_Directions:_ Although the entries contain pictures, the copy should hold only their exact text.

####################

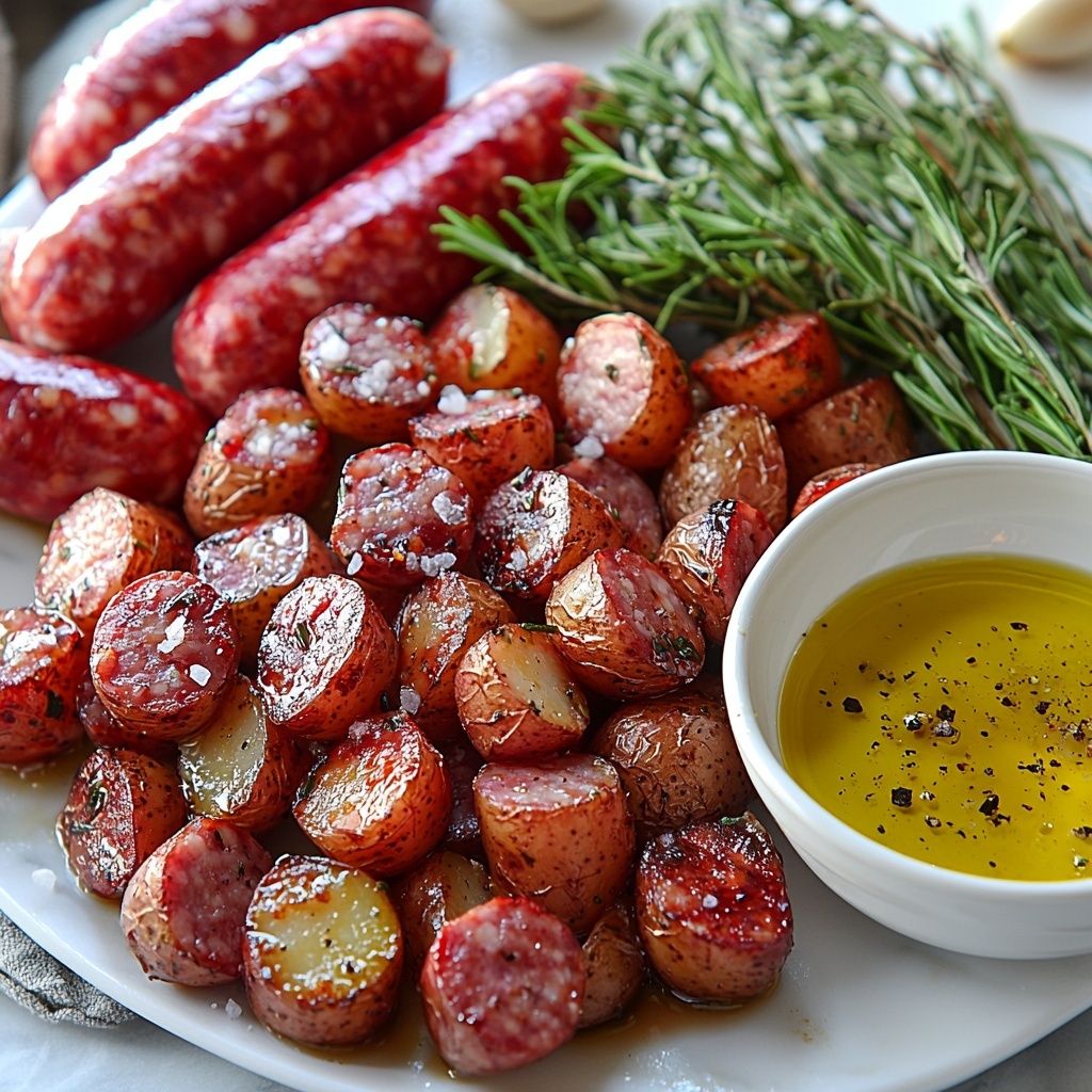 This Sausage and Potatoes recipe offers a hearty and flavorful meal perfect for any day of the week. Juicy sausages baked alongside tender, herb-seasoned Yukon gold or red potatoes create a comforting dish with a beautiful golden finish. Simple ingredients come together effortlessly in the oven, delivering a balanced combination of protein and vegetables that is both satisfying and easy to prepare.
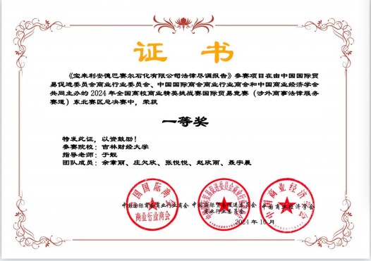 近日,由中国国际贸易促进委员会商业行业委员会、中国国际商会商业行业商会和中国商业经济学会共同主办的2024年全国高校商业精英挑战赛国际贸易竞赛(涉外商事法律服务赛道)东北赛区总决赛圆满落幕。EMC易倍团队在此次竞赛中脱颖而出,荣获一等奖!
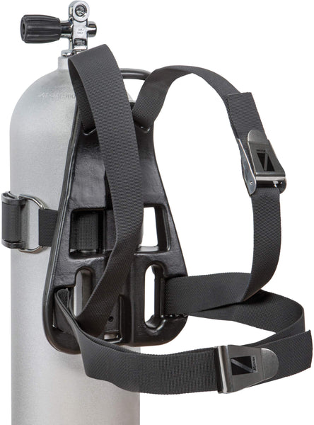 Traditional single tank backpack. Blow molded plastic pack. 2'' black harness webbing. Adjustable tank band with cam buckle. SS Quick-release buckles at shoulder and waist.
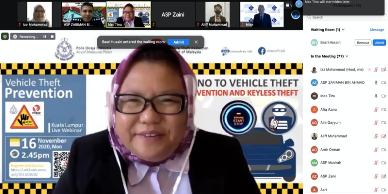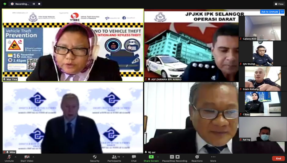 KUALA LUMPUR, 16 November 2020: The Vehicle Theft Reduction Council of Malaysia (VTREC) and Selangor Polis Diraja Malaysia (PDRM) embarked on a collaboration of exclusive webinar for Selangor PDRM Officers on vehicle theft and prevention of vehicle theft crime. The webinar was hosted by VTREC as part of VTREC’s role in engaging the stakeholders in combating the vehicle theft crime in Malaysia, entitled “SAY NO TO VEHICLE THEFT: Prevention and Keyless Theft”.
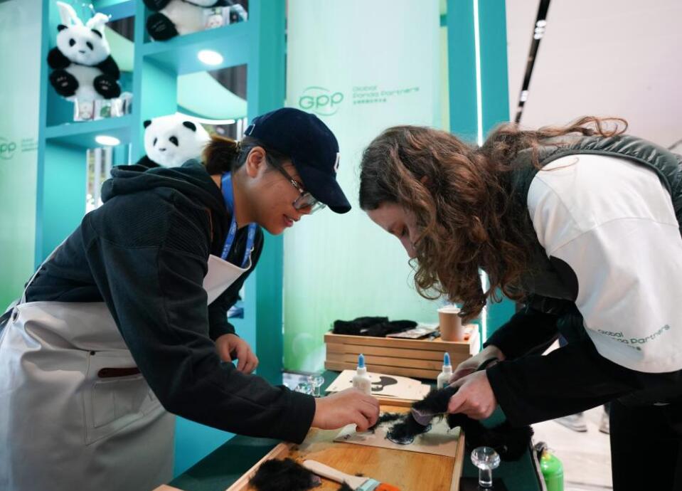 11月26日,嘉宾在2024全球熊猫伙伴大会会场体验制作大熊猫玩偶。新华社
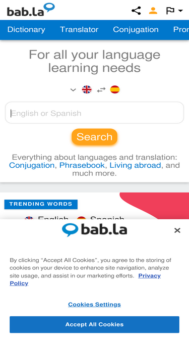 english dictionary and translation search with 1,000,000,000 example sentences from human translators. languages: english, german, french, spanish, and portuguese

####################

_Task solution:_
 This Sausage and Potatoes recipe offers a hearty and flavorful meal perfect for any day of the week. Juicy sausages baked alongside tender, herb-seasoned Yukon gold or red potatoes create a comforting dish with a beautiful golden finish. Simple ingredients come together effortlessly in the oven, delivering a balanced combination of protein and vegetables that is both satisfying and easy to prepare.
 近日,由中国国际贸易促进委员会商业行业委员会、中国国际商会商业行业商会和中国商业经济学会共同主办的2024年全国高校商业精英挑战赛国际贸易竞赛(涉外商事法律服务赛道)东北赛区总决赛圆满落幕。EMC易倍团队在此次竞赛中脱颖而出,荣获一等奖!
 Traditional single tank backpack. Blow molded plastic pack. 2'' black harness webbing. Adjustable tank band with cam buckle. SS Quick-release buckles at shoulder and waist.
 KUALA LUMPUR, 16 November 2020: The Vehicle Theft Reduction Council of Malaysia (VTREC) and Selangor Polis Diraja Malaysia (PDRM) embarked on a collaboration of exclusive webinar for Selangor PDRM Officers on vehicle theft and prevention of vehicle theft crime. The webinar was hosted by VTREC as part of VTREC’s role in engaging the stakeholders in combating the vehicle theft crime in Malaysia, entitled “SAY NO TO VEHICLE THEFT: Prevention and Keyless Theft”.
 11月26日,嘉宾在2024全球熊猫伙伴大会会场体验制作大熊猫玩偶。新华社
 english dictionary and translation search with 1,000,000,000 example sentences from human translators. languages: english, german, french, spanish, and portuguese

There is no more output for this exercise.